(TASK TO COMPLETE) In duplicating the lines below, keep every word unchanged and drop the pictures.
*** DATA BLOCK ***
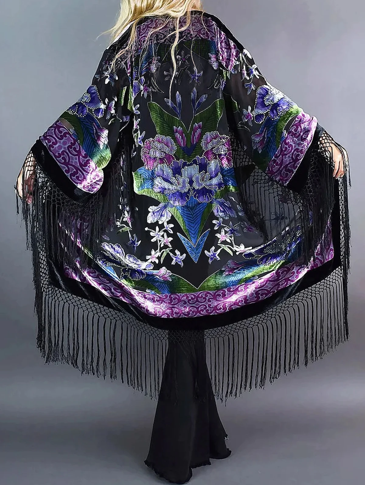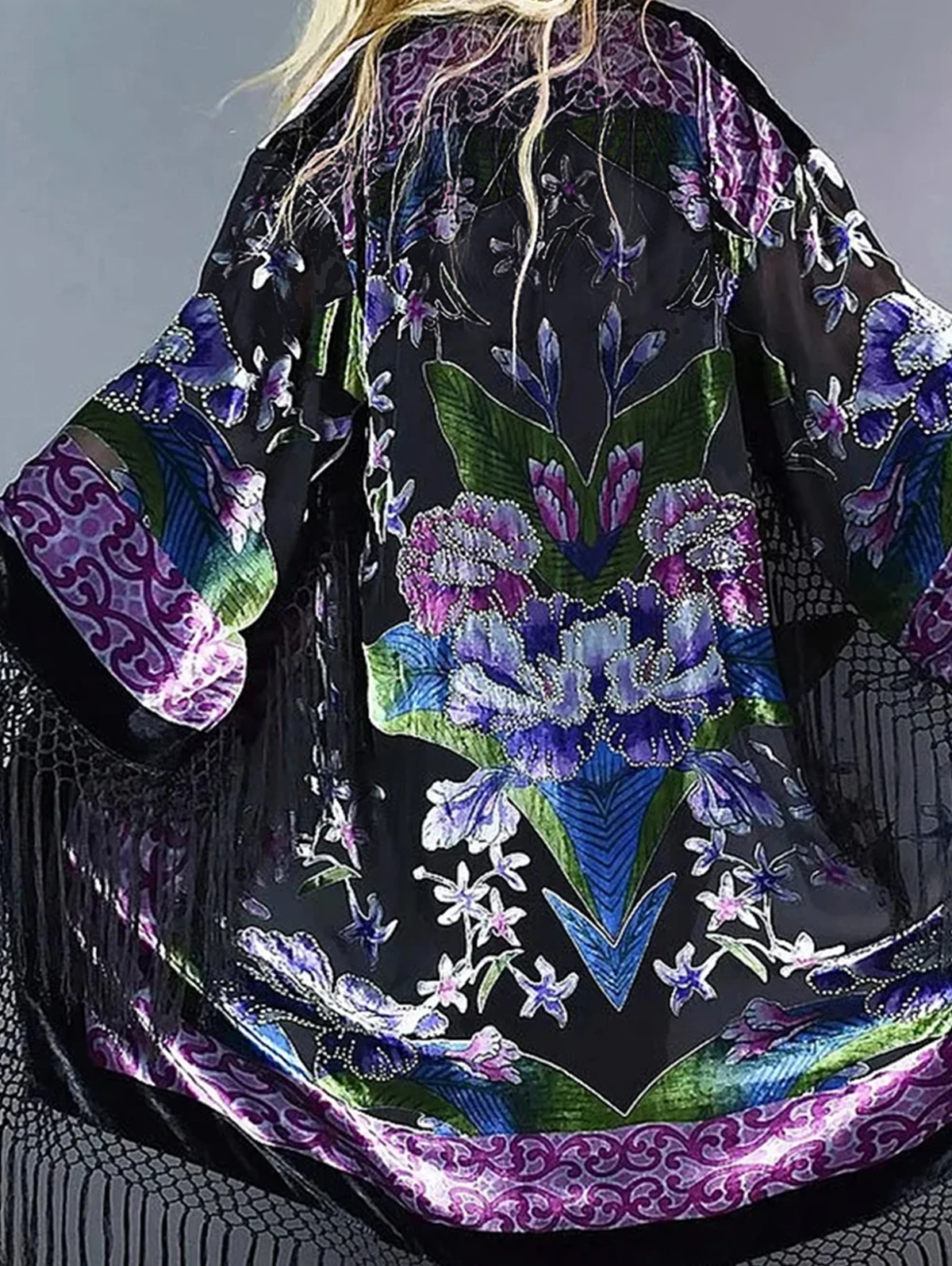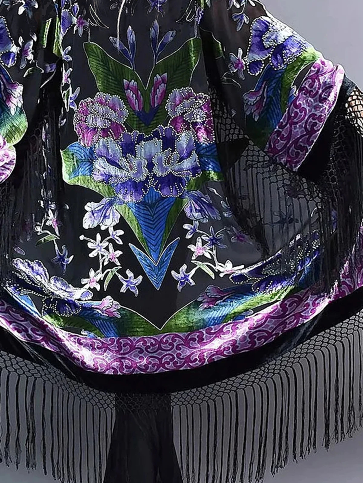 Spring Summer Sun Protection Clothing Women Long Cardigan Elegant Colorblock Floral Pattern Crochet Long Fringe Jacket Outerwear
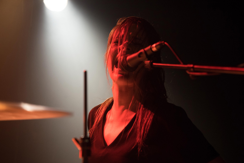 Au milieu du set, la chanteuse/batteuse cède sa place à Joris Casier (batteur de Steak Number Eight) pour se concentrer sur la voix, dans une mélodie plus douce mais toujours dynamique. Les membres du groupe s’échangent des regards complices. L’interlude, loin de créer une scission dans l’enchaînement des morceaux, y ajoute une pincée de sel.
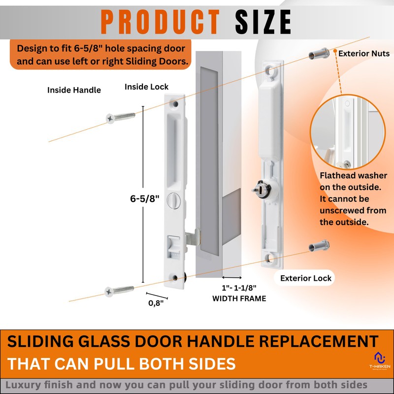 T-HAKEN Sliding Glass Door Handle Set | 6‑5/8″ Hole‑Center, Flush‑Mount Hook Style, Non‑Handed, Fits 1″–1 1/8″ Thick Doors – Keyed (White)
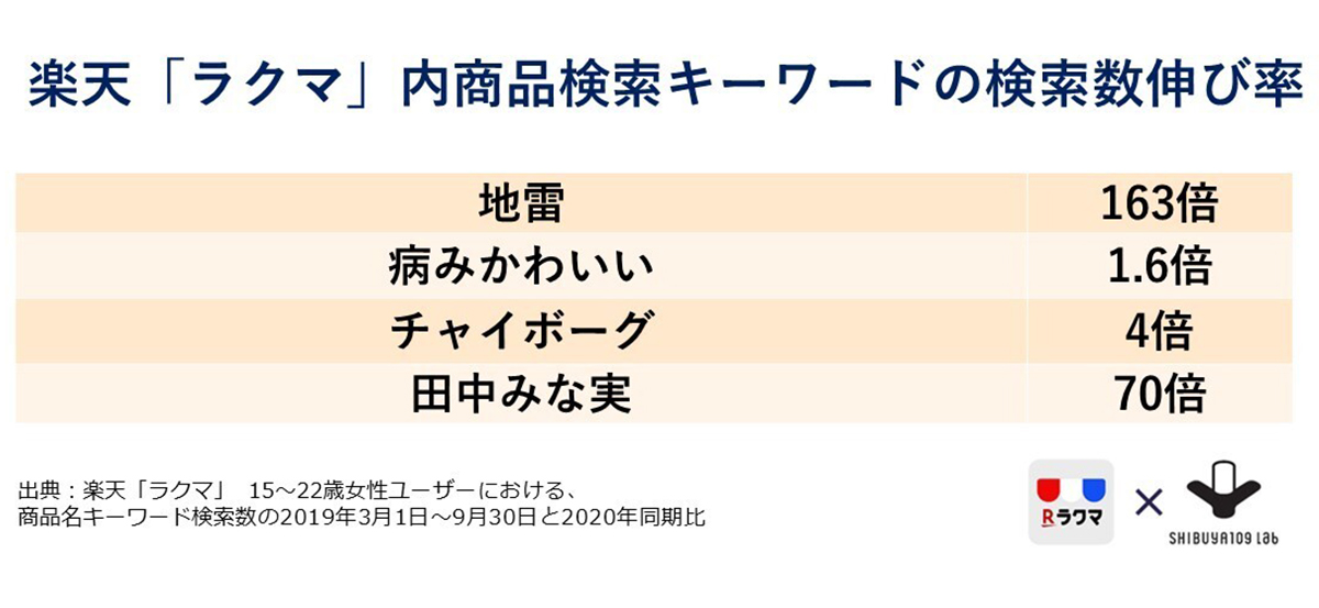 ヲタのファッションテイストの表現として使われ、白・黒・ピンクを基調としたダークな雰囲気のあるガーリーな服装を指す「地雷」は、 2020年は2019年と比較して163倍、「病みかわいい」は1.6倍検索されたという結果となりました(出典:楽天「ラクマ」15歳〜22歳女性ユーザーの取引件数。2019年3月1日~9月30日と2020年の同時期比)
***
(RESULT FOR THIS EXERCISE)
 Spring Summer Sun Protection Clothing Women Long Cardigan Elegant Colorblock Floral Pattern Crochet Long Fringe Jacket Outerwear
 Au milieu du set, la chanteuse/batteuse cède sa place à Joris Casier (batteur de Steak Number Eight) pour se concentrer sur la voix, dans une mélodie plus douce mais toujours dynamique. Les membres du groupe s’échangent des regards complices. L’interlude, loin de créer une scission dans l’enchaînement des morceaux, y ajoute une pincée de sel.
 T-HAKEN Sliding Glass Door Handle Set | 6‑5/8″ Hole‑Center, Flush‑Mount Hook Style, Non‑Handed, Fits 1″–1 1/8″ Thick Doors – Keyed (White)
 ヲタのファッションテイストの表現として使われ、白・黒・ピンクを基調としたダークな雰囲気のあるガーリーな服装を指す「地雷」は、 2020年は2019年と比較して163倍、「病みかわいい」は1.6倍検索されたという結果となりました(出典:楽天「ラクマ」15歳〜22歳女性ユーザーの取引件数。2019年3月1日~9月30日と2020年の同時期比)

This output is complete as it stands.